10. Feitas essas considerações gerais acerca dos procedimentos fiscais para operacionalização do retorno da mercadoria não entregue em decorrência de recusa no recebimento por parte do destinatário, e respondendo o questionamento realizado pela Consulente, ressalta-se que o regulamento paulista do ICMS não define prazo “de validade” para a Nota Fiscal ou limite de tempo para que a empresa transportadora mantenha as cargas em sua posse até a efetiva saída de seu estabelecimento em retorno ao remetente original das mercadorias. Dessa forma, depreende-se que a mercadoria pode permanecer no estabelecimento da Consulente (transportadora) pelo tempo necessário e inerente a sua prestação de serviço de transporte, independendo da data de emissão da Nota Fiscal ou do CT-e emitido para a prestação.
11. Portanto, não havendo prazo legal para estadia, essa pode se dar, a princípio, pelo tempo que se fizer necessário para a correta consecução da prestação do serviço de transporte. Contudo, há de se advertir que a estadia não pode ser utilizada para desvirtuar a natureza jurídica do serviço de transporte e encobrir o negócio jurídico efetivamente ocorrido. Sendo assim, a estadia deve ser, não só por tempo razoavelmente curto, como, sobretudo, inerente à prestação do serviço de transporte.
12. Frisa-se, ainda, que, se houver cobrança de estadia, este valor fará parte da base de cálculo do ICMS, bem como qualquer outro valor cobrado do tomador, e deverão constar do CT-e emitido para a prestação do serviço.

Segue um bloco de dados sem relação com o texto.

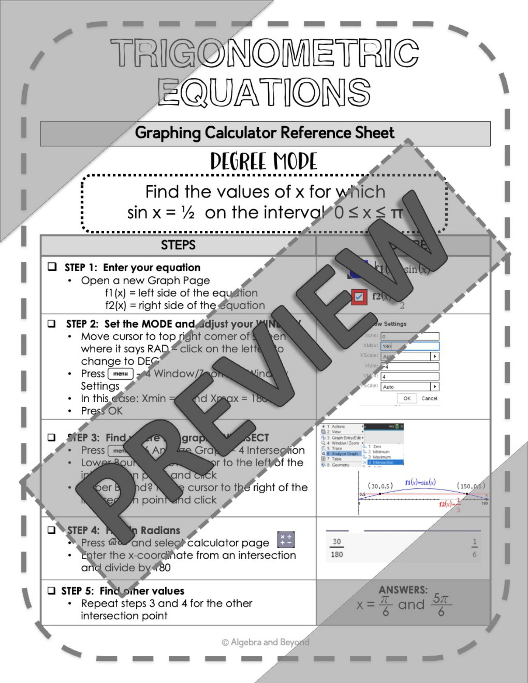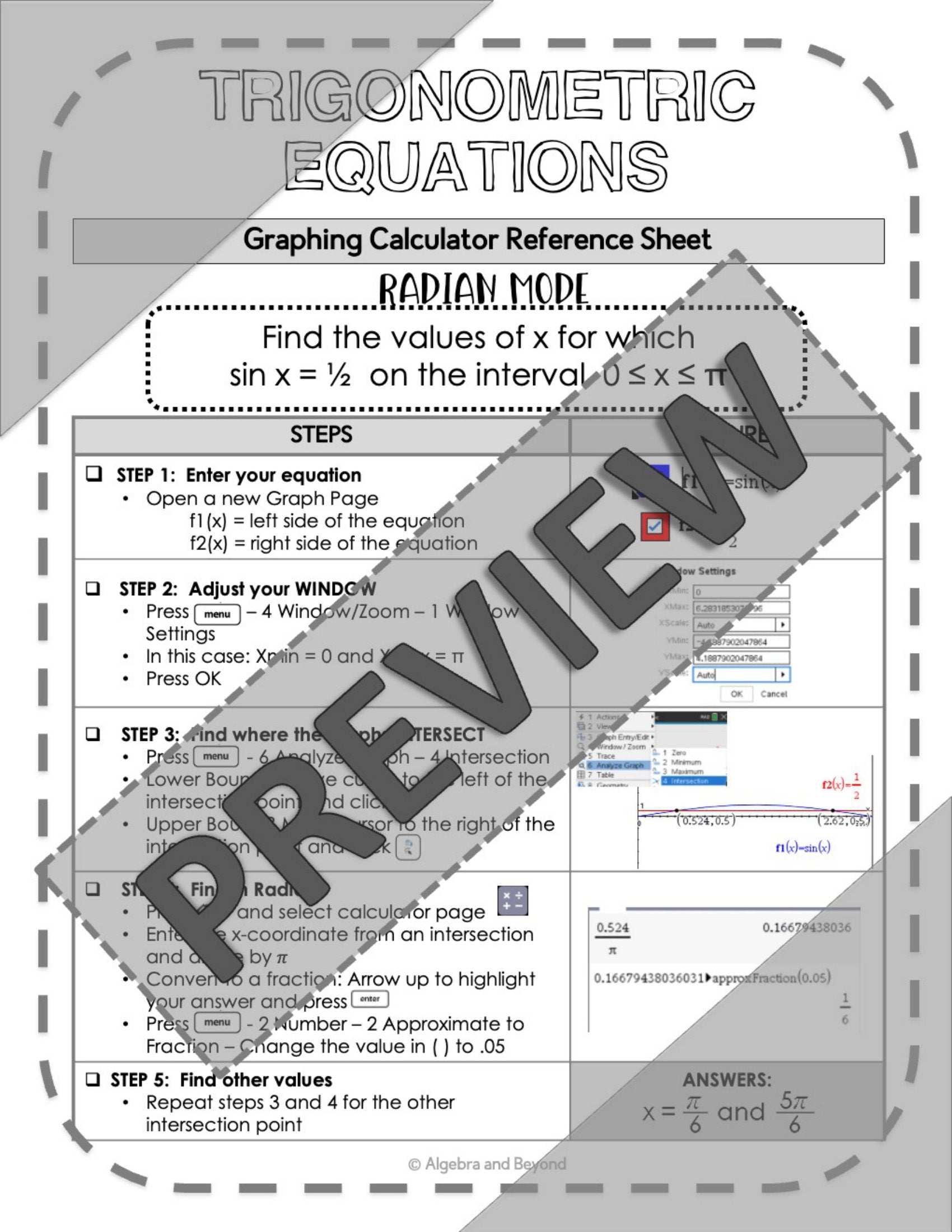 Solve Trigonometric Equations | TI-Nspire Graphing Calculator Reference Sheet
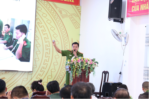 Lãnh đạo phòng Kỹ thuật hình sự giới thiệu tính năng tác dụng thiết bị và quá trình xử lý của cơ quan chức năng khi nhận nội dung tín hiệu báo động có kết nối đến
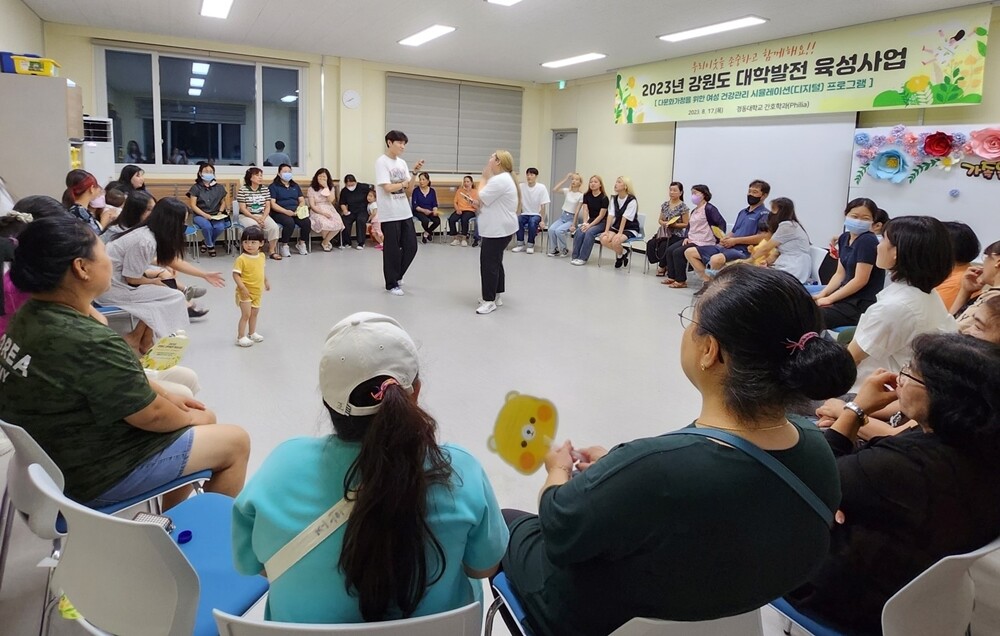 [대학저널 온종림 기자] 경동대학교가 17일 강원도 고성군 가족센터에서 ‘다문화가정을 위한 여성 건강관리 시뮬레이션 프로그램’을 운영했다. 강원도 대학발전육성사업의 일환으로 마련된 이 프로그램에는 고성군 다문화가정 여성과 아동 등 50여 명이 참석하였다.
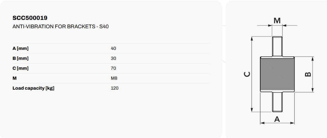 A 40 mm átmérőjű, 70 mm magas, M8 csatlakozású, strapabíró gumiból készült kültéri rezgéscsillapító gumibak tökéletes választás, ha fontos a stabilitás és a hosszú élettartam.
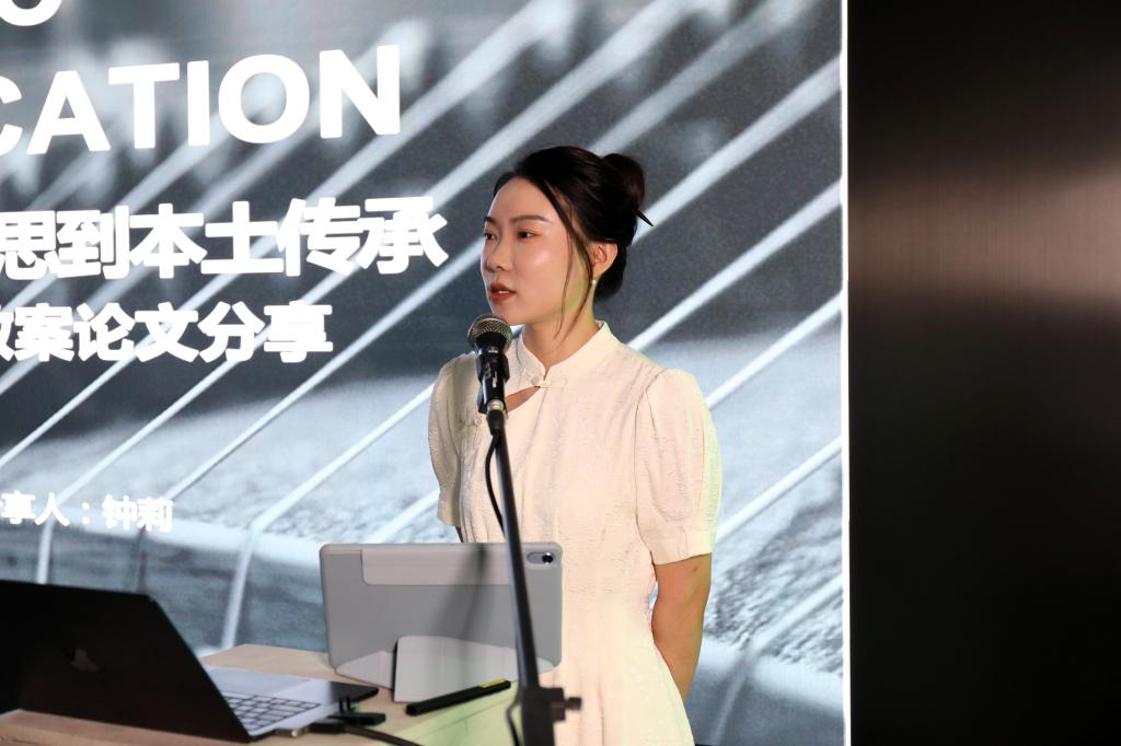 钟莉的分享主题为“从对话哲思到本土传承”。她从雷默与埃利奥特音乐教育哲学思想的对话中,提炼出联动沉浸式音乐教学思维,由此撰写相关论文,提出一系列教学策略。继而,她将此理论成果运用于实践,向大家展示了获奖教案,并分享其在教案撰写过程中如何结合理论成果不断思考和创新。
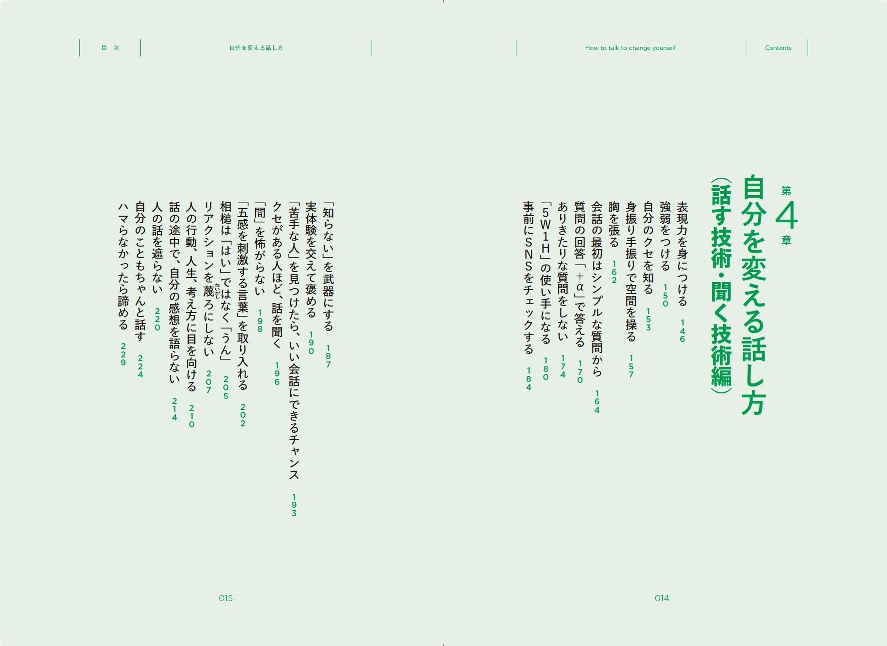 そして後半では、自分を変えるためのカギとなる「話し方」に焦点を当て、人と話をする際のマインドセットと、話す技術・聴く技術をお伝えしていきます。著者がMCとして10年間活動する中で培った、今日から実践できるノウハウがたっぷりと詰まっています。
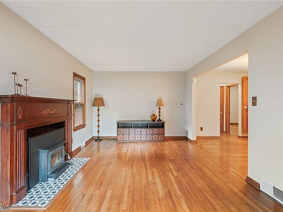 Welcome to this charming home located in the heart of West Akron! As you step into the living room, you'll be greeted by a cozy mantled fireplace, flanked by windows, and beautiful hardwood floors that extend into the gracious dining room.
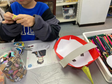 暇してた子たちには次回やってみようか悩んでいたお面作り。
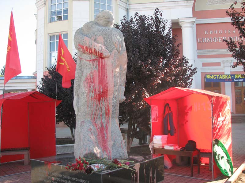 Осквернен недавно установленный в Крыму памятник жертвам бандеровского террора. КПУ установила постоянные посты у памятника погибшим от рук фашистских прихвостней сынам и дочерям советского народа - дабы акт вандализма больше не повторился. Силами коммунистов параллельно с правоохранительными органами Украины ведется расследование по факту вопиющего антисоветского вандализма.

13. Por fim, sem embargo de todo o exposto, cumpre registrar que, se chamada à fiscalização, caberá a Consulente a comprovação por todos os meios de prova em direito admitidos da situação fática efetivamente ocorrida, nos termos expostos na presente consulta. Por sua vez, a fiscalização poderá, em seu juízo de convicção para verificação da materialidade da prestação, se valer de indícios, estimativas, análise de operações pretéritas, dentre outros elementos que entenda cabíveis. Assim, recomenda-se à Consulente que mantenha controles e demonstrativos claros passíveis de apresentação ao fisco.